Treacle is the usual British name for what Americans prefer to call molasses (remember the treacle well in Lewis Carroll’s Alice’s Adventures in Wonderland). The apothecaries’ term triacle is an older form of the word, but it was originally used for something very different — an antidote to the venom of a snake or insect.
This word came through French and Latin from Greek theriake, meaning an antidote against a poisonous bite, which has its origin in therion, a wild beast. Herbal remedies against such bites often contained alkaloids and so tasted bitter — it was common to sweeten them with honey to make them easier to swallow.
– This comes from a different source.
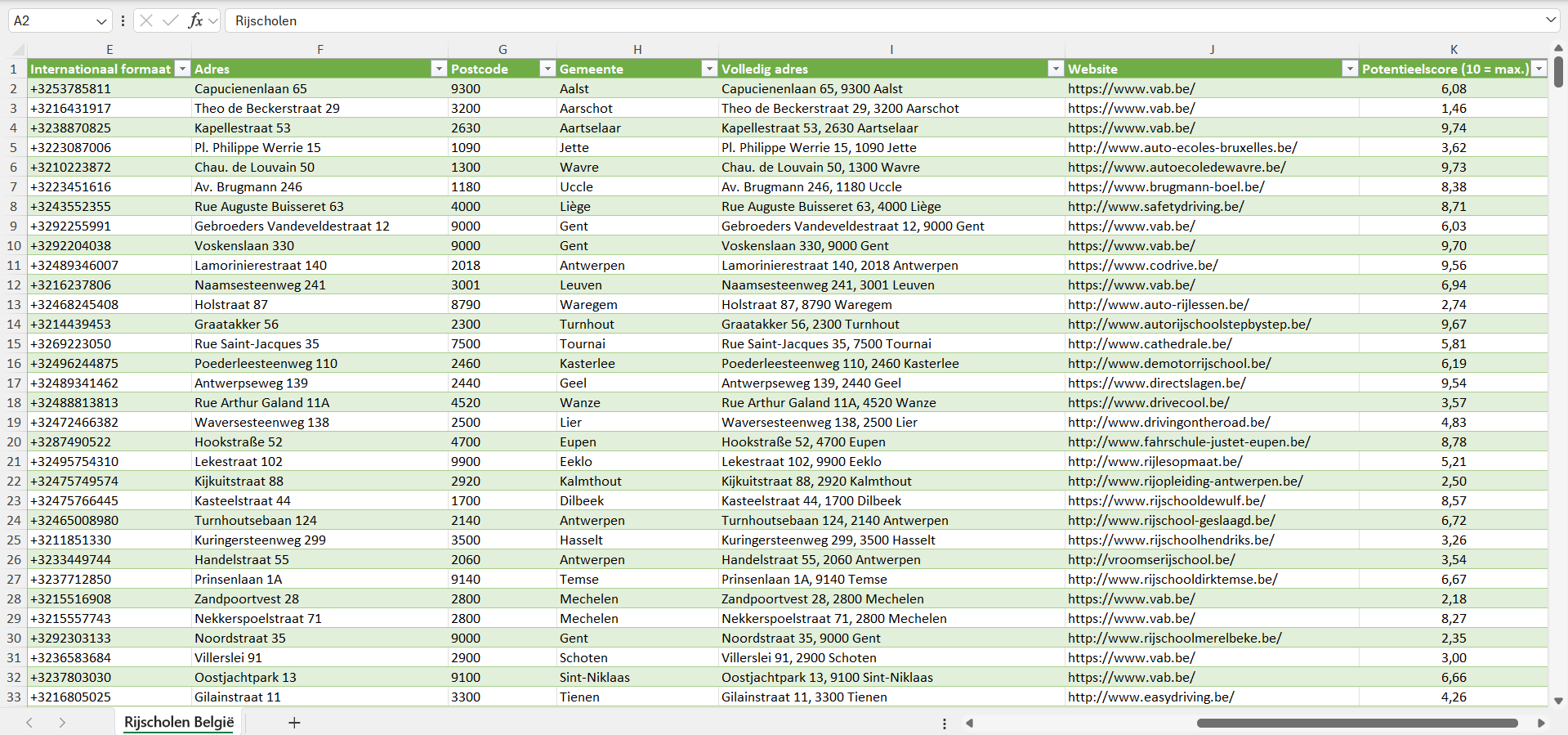 Voor elke rijschool hebben we bovendien een individuele potentieelscore van 1 tot 10 toegekend, gebaseerd op een reeks factoren zoals de geschatte bedrijfsgrootte, het geschatte aantal klanten en de koopkracht van de locatie.

English apothecaries changed over to black treacle as the sweetener when it began to be available in the Middle Ages.
The word was often used in a sense not so very different to that of balm or salve, some fragrant ointment or preparation used to heal or soothe the skin. In fact, the question in the book of Jeremiah in the Bible: “Is there no balm in Gilead; is there no physician there?” was translated by Miles Coverdale in 1535 using triacle instead of balm. Even earlier, Chaucer uses triacle in the sense of a salve in his Canterbury Tales: “Christ, which that is to every harm triacle”.
By the end of the seventeenth century, triacle had come to mean the molasses itself rather than the herbal remedy; by then the vowel had became slurred, the word dropped from three syllables to two, and it was respelled in the modern form, treacle.